After the deployment finishes, call the hosted jobs endpoint with the workflow name from your code. For example, if your workflow file looks like this:
// src/workflows/check-eligibility.ts
import { workflow } from "libretto";

type Input = {
  memberId: string;
};

export default workflow<Input, { status: string }>(
  "check-eligibility",
  async ({ page }, input) => {
    await page.goto("https://example.com/eligibility");

    return {
      status: "eligible",
    };
  },
);
then hit the endpoint with workflow: "check-eligibility":
curl -X POST "https://api.libretto.sh/v1/jobs/create" \
  -H "x-api-key: $LIBRETTO_API_KEY" \
  -H "Content-Type: application/json" \
  -d '{
    "json": {
      "workflow": "check-eligibility",
      "params": {
        "memberId": "12345"
      },
      "timeout_seconds": 300
    }
  }'
That request returns a job_id immediately. Use that id to fetch status or the final result:
curl -X POST "https://api.libretto.sh/v1/jobs/get" \
  -H "x-api-key: $LIBRETTO_API_KEY" \
  -H "Content-Type: application/json" \
  -d '{
    "json": {
      "id": "<job-id>"
    }
  }'
The workflow value must match the workflow name declared in code and discovered during deploy, not the deployment id, filename, or export alias.
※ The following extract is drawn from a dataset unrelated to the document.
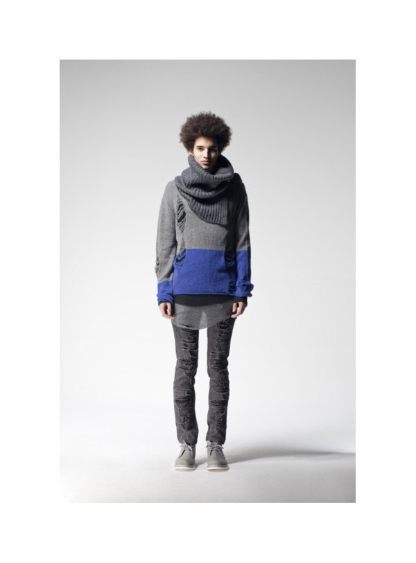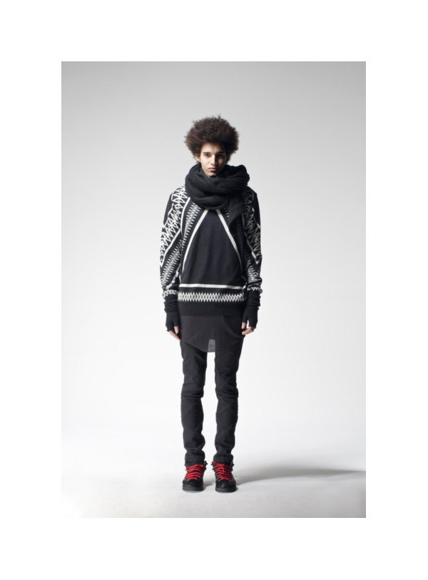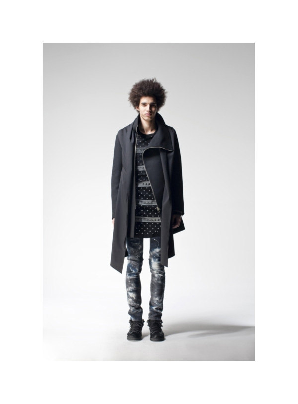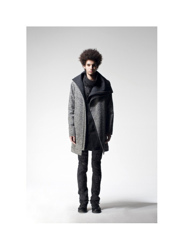 Luis Borges (DNA) tries General Idea’s fall 2010 collection on for size. Showcasing a dark collection, accented with red, blue and camel-toned neutrals, the Korean label hits it out of the park. Boasting flexible layers that answer to not only a certain sensibility, but a call to be modern, General Idea blends the gap between streetwear-inspired fashions and contemporary trends.

Investigate cloud failures

When a Libretto Cloud workflow job fails, the platform emails the configured debug recipient with:
  • A short diagnosis.
  • A handoff prompt for a local coding agent.
  • Links to the relevant debug context, such as screenshots or recordings when available.
That email is designed to move the fix back into a local coding workflow quickly. After you receive it, use the local repo and Libretto tooling to inspect the failure and patch the workflow. For the local debugging flow, see Debugging workflows.

Hosting options

Libretto Cloud is the managed path. If you would rather run Libretto on infrastructure you control, use the self-hosting docs instead:
This page covers the managed hosted-platform flow. The self-hosting pages are the right reference when you want to own the runtime, scheduler, and secrets infrastructure yourself.